For more information on the complete range of available permissions, see Creating Users.
Adding a user to an administrative group
To grant administrative permissions to an existing user by adding that user to a group with administrative permissions, follow these steps:
- Open Longview Application Administrator.
- In the Server Explorer pane, expand Users and Groups and select Users. The list of users appears in the Contents window.
- Double-click the user for which you want to grant administrative permissions. The Properties dialog for that user opens.
- Click the Groups tab. A list of the available groups appears.
- Select a group that has administrative permissions to add the user to that group.
- Click OK. The user is added to the group and inherits the administrative permissions of the group.
Granting administrative permissions to a group
This section explains the methods by which you can give groups administrative permissions.
Note: To create a new group instead, follow the steps listed in Creating Groups.
Adding permissions to a group
To grant administrative permissions to an existing group, follow these steps:
- Open Longview Application Administrator.
- In the Server Explorer pane, expand Users and Groups, and select Groups.
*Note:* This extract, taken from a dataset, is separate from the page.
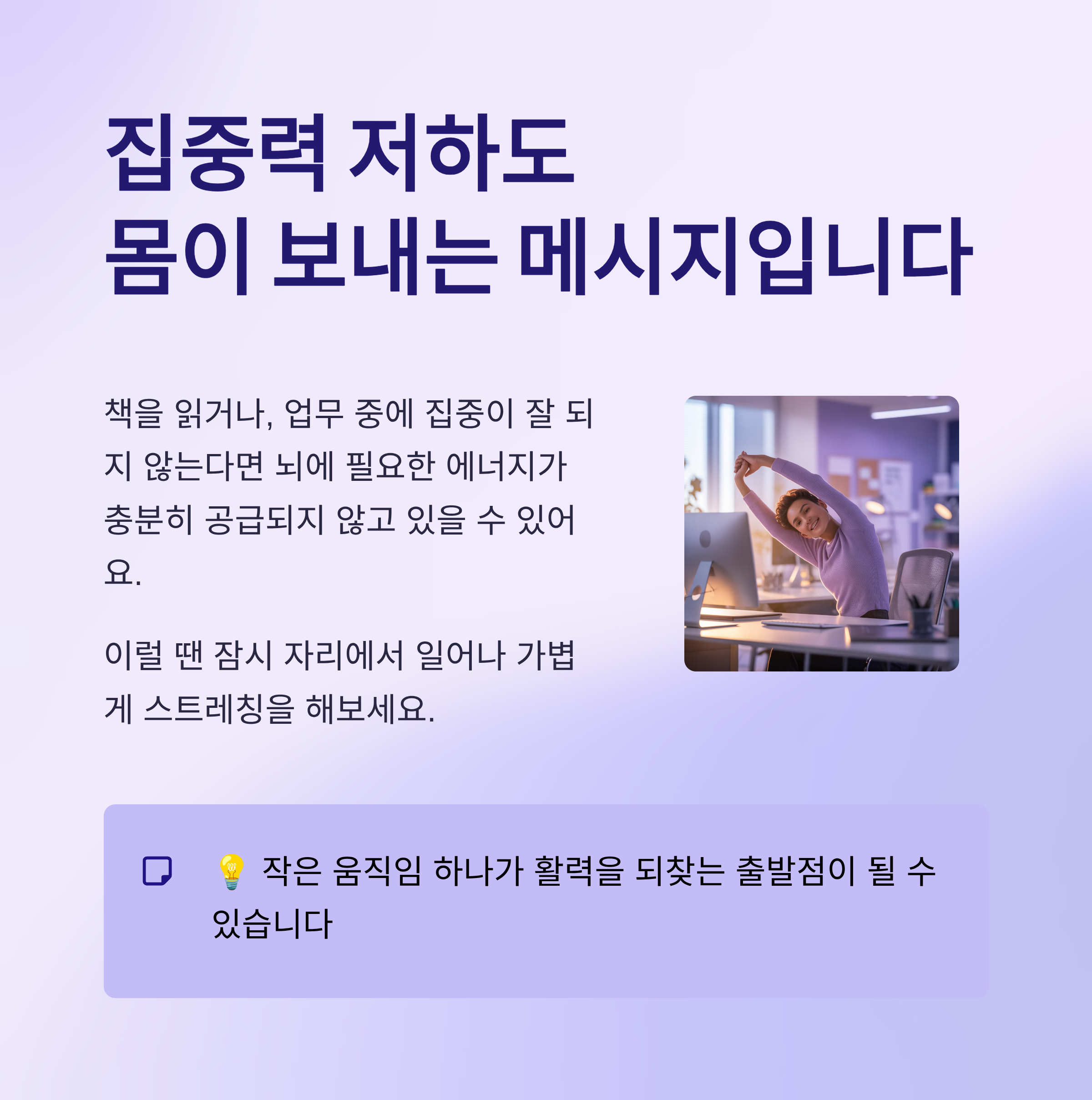 기운 없음, 집중 안 됨, 근육통 등 미세한 신호들을 놓치지 않는 게 중요합니다.

The list of groups appears in the Contents window.
- Double-click the group you want to work with. The properties dialog opens.
- Click the Authorization tab.
- Use the expandable hierarchy in the left panel to choose areas of functionality. Permissions for each category are listed in the right panel. Select or clear the appropriate check boxes to grant or deny permissions to the group.
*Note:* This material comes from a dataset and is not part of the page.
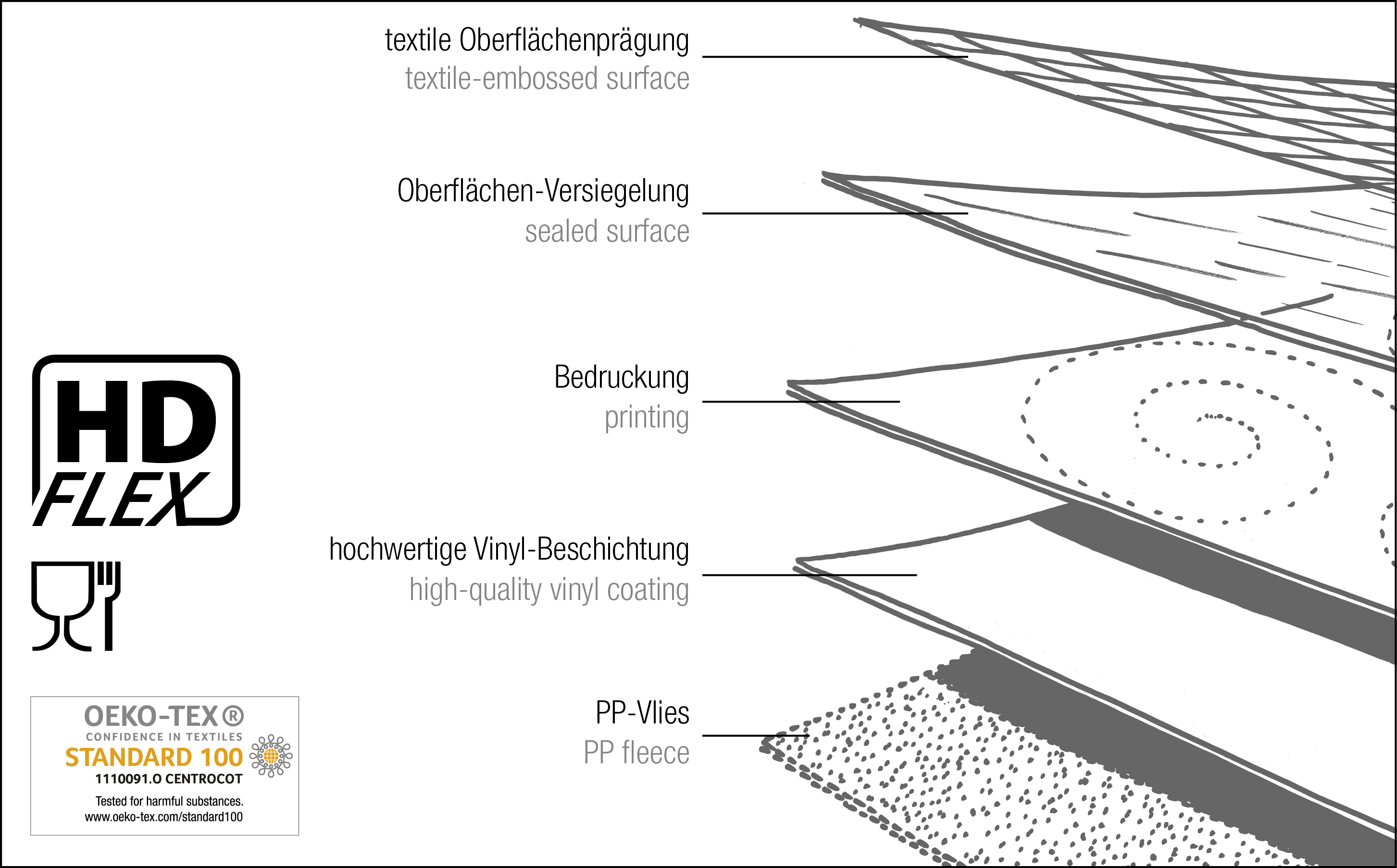 - Unsere innovative HD-flex Beschichtung ist ein spezielles 3-lagiges Beschichtungsverfahren mit hochauflösenden Mikropartikeln und zusätzlicher Oberflächenversiegelung, welche eine hohe Schmutzresistenz und Langlebigkeit gewährleistet.

This process is highly flexible, and by its nature, virtually any permission can be considered administrative in some capacity or other. However, there are some permissions that might be considered core administrative permissions that grant access that would be critical to anyone needing to administer aspects of the system. These include, but are not necessarily limited to, the following:
Application Administrator: Allow Access
Server Manager: Allow Access, Start/Stop Servers, Turn On/Off Dynamic Calculations
-
Users and Groups - Groups: Group Administration
Note: Users may have symbol access for the Administrator Role to be able to perform Group Administration.
-
Users and Groups - Users: User Administration, Reset Passwords, Select Groups (for which the user will have administration)
Note: Groups must have symbol access for the Administrator Role to be able to perform User Administration.
- When you have finished adding permissions to the group, click OK.
For more information on the complete range of available permissions, see Creating Groups.
Adding users to the group
To add users to the group and provide them with its administrative permissions, follow these steps:
- Open Longview Application Administrator.
- In the Server Explorer pane, expand Users and Groups, and select Groups. The list of groups appears in the Contents window.
- Double-click the group to add users. The Properties dialog opens.
- Click the Users tab.
- Select the users you want to add to the group.
- When you are finished adding users, click OK.